Nevertheless, there are some infrastructure challenges to overcome.
“The bitcoin network is not ready for more than 13 million people to become users, from one day to the next,” says Carlos Valderrama, managing partner of Legal Paradox, a Mexican fintech and blockchain law firm. “There are also usability issues. Without the use of lightning network or another mechanism that allows the reconciliation of payments in a more efficient way, transaction confirmations will be a problem.”
But Valderrama is bullish on the outlook for virtual assets, saying more countries in the region are beginning to look at appropriate rules for their local ecosystem.
For example, a few weeks ago, congressional representative in Panama said he hoped the country could follow El Salvador’s lead.
“We are supporting a group of local legislators who are interested in presenting a legal project for the handling of cryptocurrencies, in order to give SMEs and large companies an opportunity to increase their capital using this type of assets,” says the lawyer.
In contrast, Albanesi argues that any regulatory framework that wants to govern a virtual asset will miss the mark, since the processes of the technology that supports virtual assets exist before and beyond any regulation.
“A law regulating how a decentralized currency works internally is impossible by its very nature, and I think the country that wants to do it is going to fail and do it badly. It will be bad news for all incumbents and players in the sector.”
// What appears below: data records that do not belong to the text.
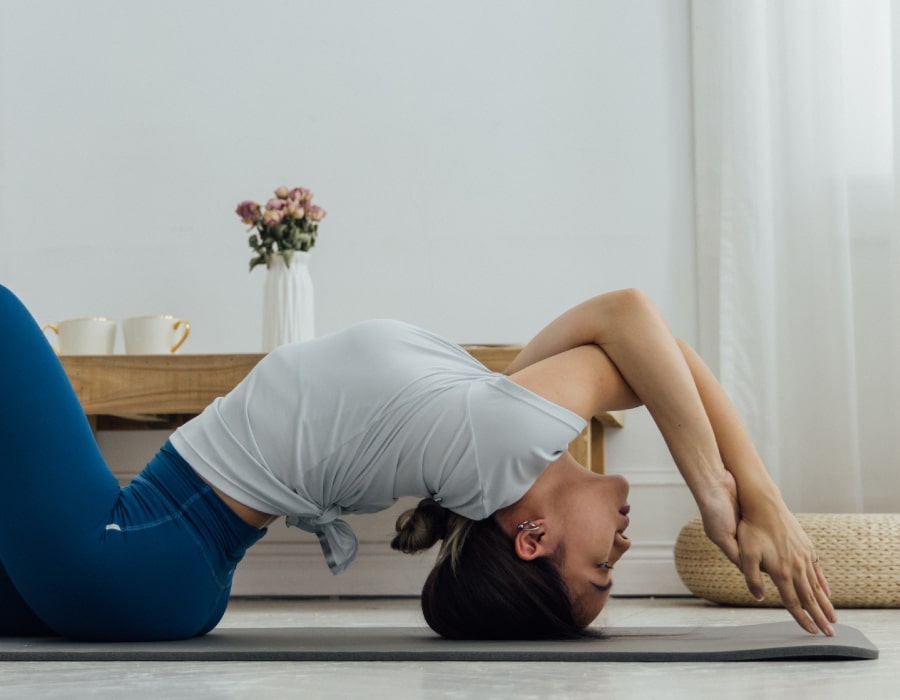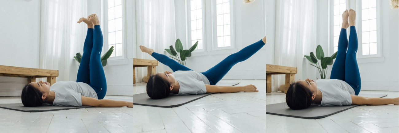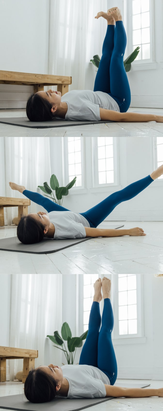 Step 1:保持身體平躺於地面,腳板對齊,膝蓋彎曲。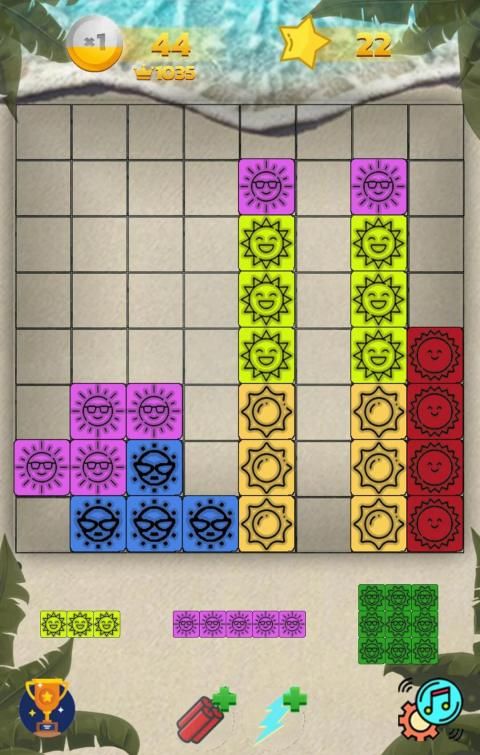 Holiday Block Puzzle - Easy, Funny and Relaxing... You are on holiday with the game.. Listen to bird sings, wave sound.. You are on the beach :)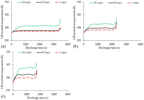 The LIB module temperatures at three inlet velocities versus discharge time are presented in Figure 7, based on the three discharge rates, (a) 1C, (b) 1.5C, and (c) 2C. As can be seen from the figure, the results show similar trends to those shown for N-Pentane LC-BTMS. The constant temperature behaviour occurs during the first 80% of the full discharge time.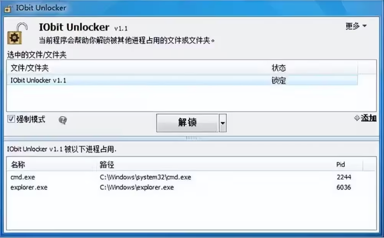 Unlocker是一个图形化的应用程序,同时也提供命令行访问方式。它可以卸载动态链接库(DLL)、终止进程,以及强迫进程停止使用某个文件(这个功能在软件中被称为“Unlocker”(解锁))。

Despite this, the lawyer considers that a framework that establishes order in the use of this technology in the commercial or financial sector can be regulated. Likewise, a public-private collaboration could be the trigger for a legal project of this nature to be successful.
But finding a regulatory balance to bring a decentralized network into the traditional centralized financial system is complex, to say the least.
“The key for cryptocurrencies to work in Latin America is access to democratization,” says Juan Frers, president of Worldwide TaxNet, an international consulting and research network on international taxation. “What bitcoin seeks is financial inclusion. In the case of DeFi services or decentralized exchanges, they will work as long as they are not regulated,” he says.